Figure 4.. Role of integrin α_vβ₈ in RORγt⁺ antigen presenting cell-dependent iTreg cell differentiation.

a, Frequency of iTreg cells among proliferating donor-derived Hh-specific cells in the MLN at 3 days after transfer of naïve CFSE-labeled Hh7–2 T cells into mice treated with 200μg of ADWA11 blocking antibody (n=8) or left untreated (n=8), on the day of adoptive transfer. Data summarize three independent experiments. b, Hh7–2 T cell proliferation and differentiation in the MLN of Itgav^ΔCD11c (n=5) and littermate controls (n=15) at 3 days after adoptive transfer. Data summarize three independent experiments. c, Proliferation and differentiation of Hh-specific iTreg cells in the MLN of Itgav^ΔRORγt (n=6) and littermate control mice (n=8). CFSE-labeled Hh7–2 T cells were analyzed at 3 days following their adoptive transfer into Hh-colonized mice. Representative flow cytometry profiles (left) and aggregate data (right). Data summarize three independent experiments. d, Transcription factor expression in Hh7–2 T cells (left panels) and in endogenous CD4⁺ T cells (right panels) from colon lamina propria (LP) at 10 days after adoptive transfer into Itgav^ΔRORγt mice (n=3) and control littermates (n=6). Data summarize two independent experiments. Representative dot plots and aggregate data are shown (right panels). e, Scheme for mixed bone marrow chimeric mouse experiment, with control, Itgav^ΔRORγt or MHCII^ΔCD11c cells administered to irradiated host mice (created with BioRender.com). f, Bar graphs showing iTreg frequency among Hh7–2 T cells in the colon LP at 10 days after their transfer into the bone marrow chimeric mice, reconstituted with different combinations of donor cells as indicated. Control mice (n=3), MHCII^ΔCD11c (n=3), MHCII^ΔCD11c and WT (n=4), Itgav^ΔRORγt and WT (n=4) and MHCII^ΔCD11c and Itgav^ΔRORγt (n=4). All statistics were calculated by unpaired two-sided Welch’s t-test. Error bars denote mean ± s.d. p-values are indicated in the figure.
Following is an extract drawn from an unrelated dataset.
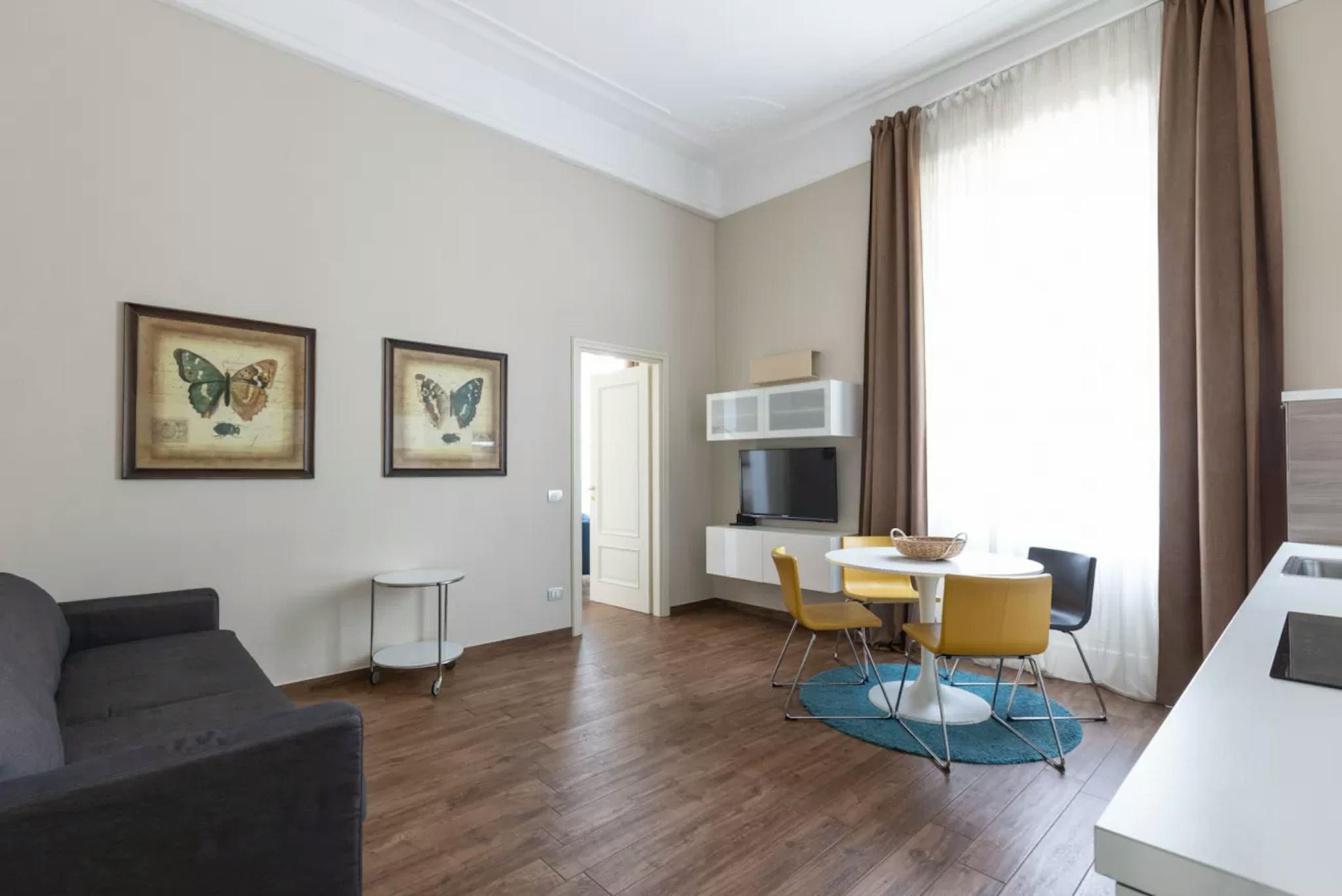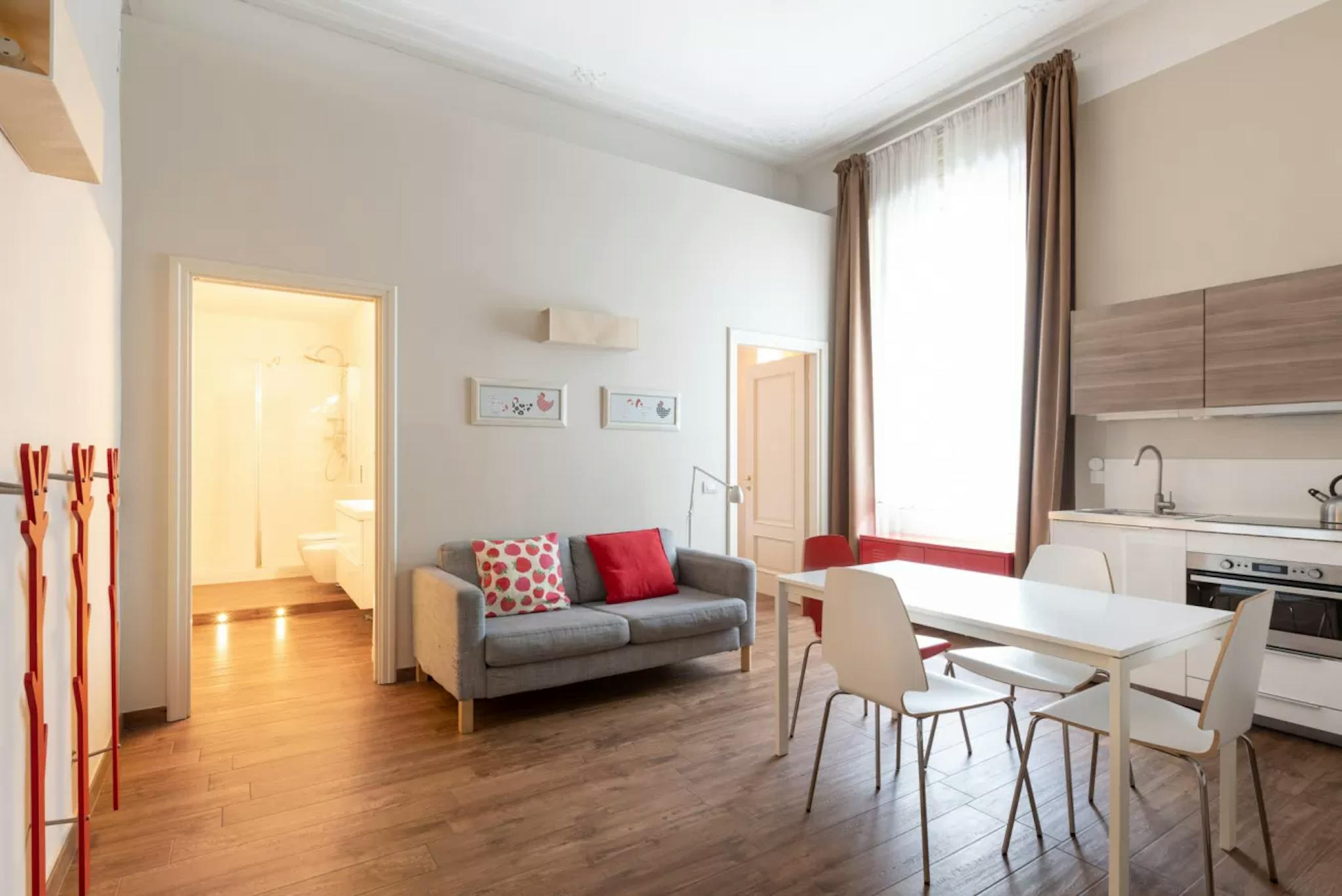 Upon entering you are greeted by the bright living room, furnished with a sofa that can be transformed into a double bed if necessary, a table with 4 chairs and a TV. The open kitchen is modern and equipped with a dishwasher, induction plates and all the utensils for lunch or dinner for 4 people. The modern furnishings, large windows and high ceilings typical of period buildings create a unique and refined environment. The bedroom with double bed, TV, wardrobe, also has a small desk where you can work from home in a separate room from the living area. The recently renovated bathroom has a shower cubicle, washing machine and sanitary ware.

Figure 5.. Antigen presentation by RORγt⁺ cells is sufficient to promote iTreg cell differentiation.

a, Experimental design (created with BioRender.com). b, MHCII frequency in donor bone marrow-derived cDC2 (gated TCRβ⁻, TCRγδ, B220⁻, CD45.2⁺, CD11c⁺, CD11b⁺ Sirpa⁺) and RORγt⁺ cells (gated as TCRβ⁻, TCRγδ⁻, B220⁻, RORγt⁺, CD45.2⁺) in MLN from chimeric mice reconstituted with combinations of donor BM cells as indicated. c, Representative flow cytometry of Hh7–2 T cell differentiation in colon lamina propria of Hh-colonized bone marrow chimeric mice, 12 days after transfer of naive TCR transgenic T cells. d, Aggregate data for differentiation of Hh7–2 T cells in bone marrow chimeric mice reconstituted with cells of indicated genotypes. WT (n=10), MHCII^ΔCD11c (n=9), MHCII^ΔCD11c and WT (n=8), MHCII^ΔCD11c and MHCII-ON^ΔRORγt (n=9). Data summarize three independent experiments. All statistics were calculated by unpaired two-sided Welch’s t-test. Error bars denote mean ± s.d. p-values are indicated in the figure.